6. Cancellation by the Company
If the Customer shall fail to make any payment when due or enters into any arrangement with it’s creditors, or if, being an incorporated Company, shall have a receiver appointed or shall pass a resolution for winding up or a court shall make an order to that effect, or if, being an unincorporated Company shall have a receiving order made against it; or if there shall be any breach by the Customer of any of these Conditions, the Company may defer or cancel any further deliveries and treat the contract as determined without prejudice to its right to the unpaid purchase price of the goods delivered and to damages for any loss suffered in consequence thereof and to any interest outstanding. The Company reserves the right to cancel or reduce any order in event of being unable for any reason to execute either the whole or part thereof.
(a) Any claims relating to faulty or damaged goods must be made to the Company in writing within two working days of the date of delivery. The Company shall have the right to inspect the goods at the Company’s premises or the Customer’s premises. If the Company agreed that the Customer has rightfully rejected the goods. The Company shall be entitled to replace the faulty or damaged goods within two working days free of charge or, at the Company’s sole discretion refund to the Customer the price of the goods, and the Company shall have no further liability to the Customer.
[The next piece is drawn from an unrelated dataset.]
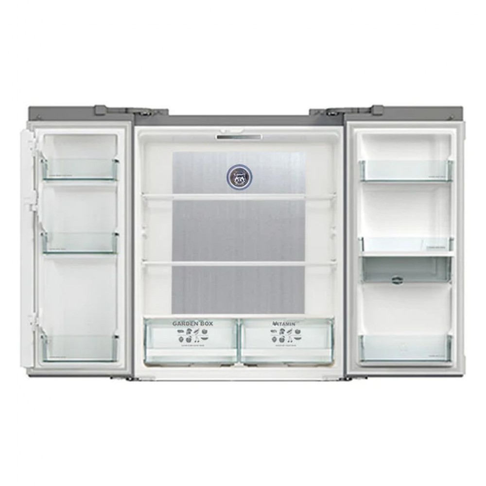 Внутренняя организация Вертикально регулируемые полки с высококачественным защитным стеклом : 2 Бокс для овощей /фруктов : 4 Выдвижные контейнеры МУЛЬТИБОКС : 8 Дверные отсеки : 3 Лотки для яиц : 1 Морозилка:Выдвижные ящики морозильной камеры : 2 Полки: 5 Коробка для супер-льда : 1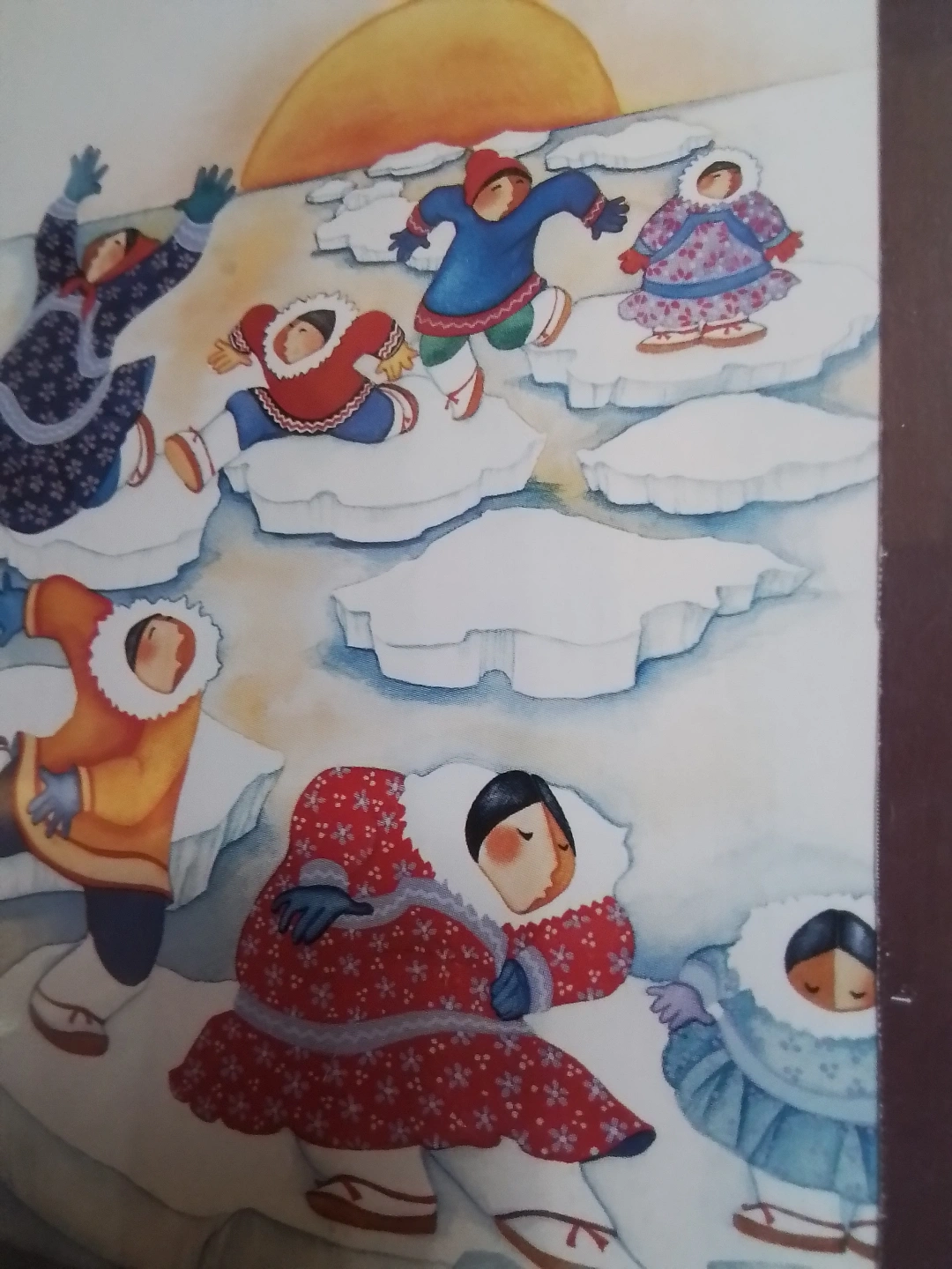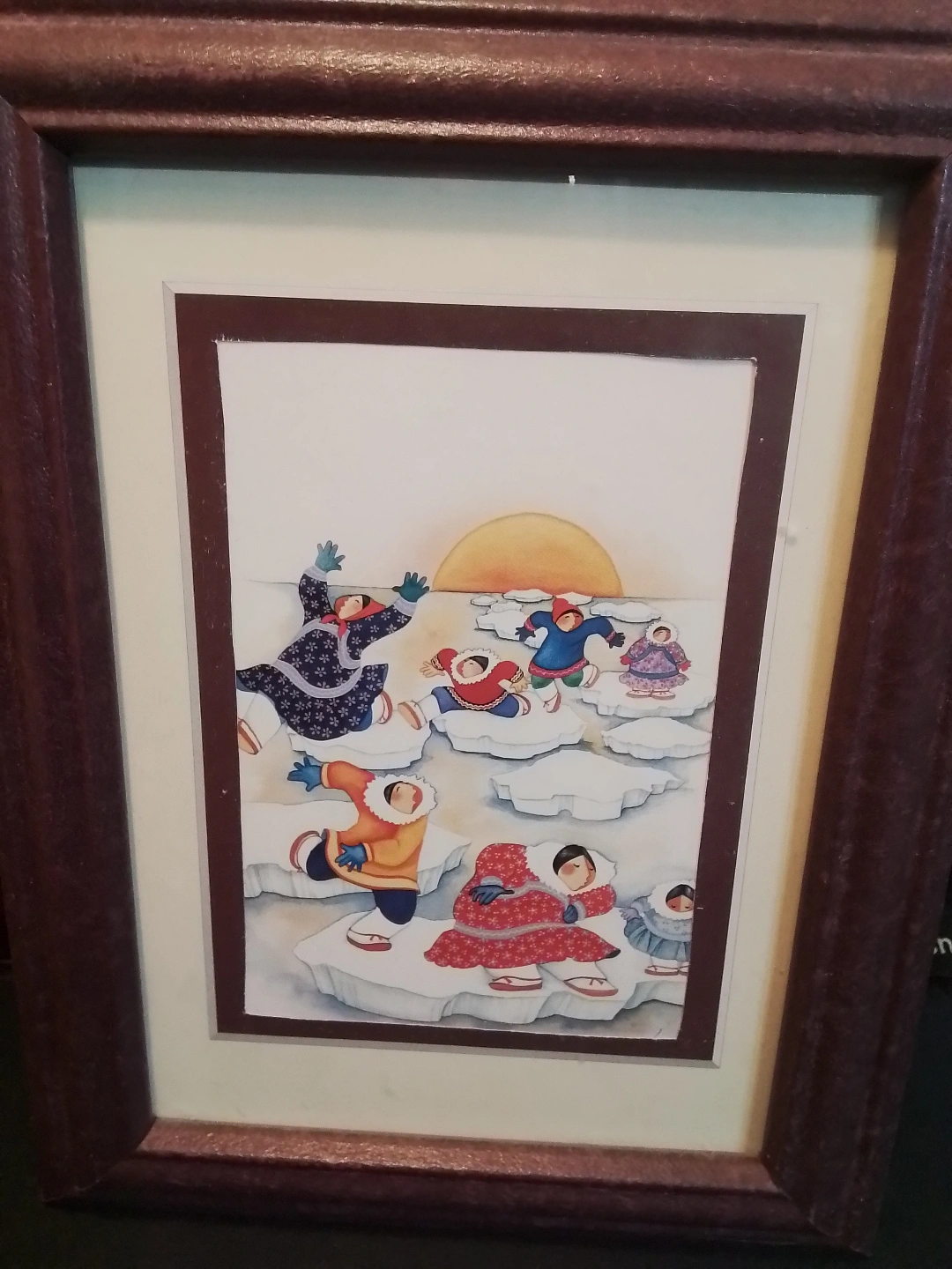 Beautiful framed artwork depicting Inuit children playing on ice floes. Bright colours, charming style. Perfect for a child's room or any space needing a touch of whimsy.

(b) Any returned goods must be sent to the Company at the Customer’s expense. The Company will refund or replace returned goods subject to a 20% handling charge to the Customer and subject to the Company being satisfied that the goods are stock items and have been returned to the Company in the same condition as that in which they were delivered to the Customer. If the goods are manufactured or a process is to be applied to the goods in accordance with a specification submitted by the Customer, the Customer shall not have the right to return the goods unless they are faulty or damaged in accordance with Condition 7(a) hereof.
(c) Any claims for non-delivery must be received by the Company in writing within two working days of the expected date of delivery.
Subject to the Unfair Contract Terms Act 1977 and except in respect of death or personal injury caused by the Company’s negligence, the Company shall not be liable to the Customer by reason of any representation, or any implied warranty, condition or other term, or any duty at common law, or under the express terms of the contract. For any consequential loss or damage (whether for loss of profit or otherwise) costs, expenses or other claims for consequential compensation whatsoever which arise out of or in connection with the supply of the goods or their use or resale by the Customer, except as expressly provided in these conditions.
9. Force Majeure
Every effort will be made to carry out the contract but if its due performance is subject to cancellation by the Company and such variations as the Company may deemed necessary as a result of inability to secure labour, materials or supplies as a result of any Act of God, War, Strike, Lock-out, other Labour Dispute, Fire, Flood, Drought. Legislation or other cause (whether of the foregoing class or not) beyond the Company’s control. The Company shall be under no liability for failures, variations and delays attributable to causes beyond its control.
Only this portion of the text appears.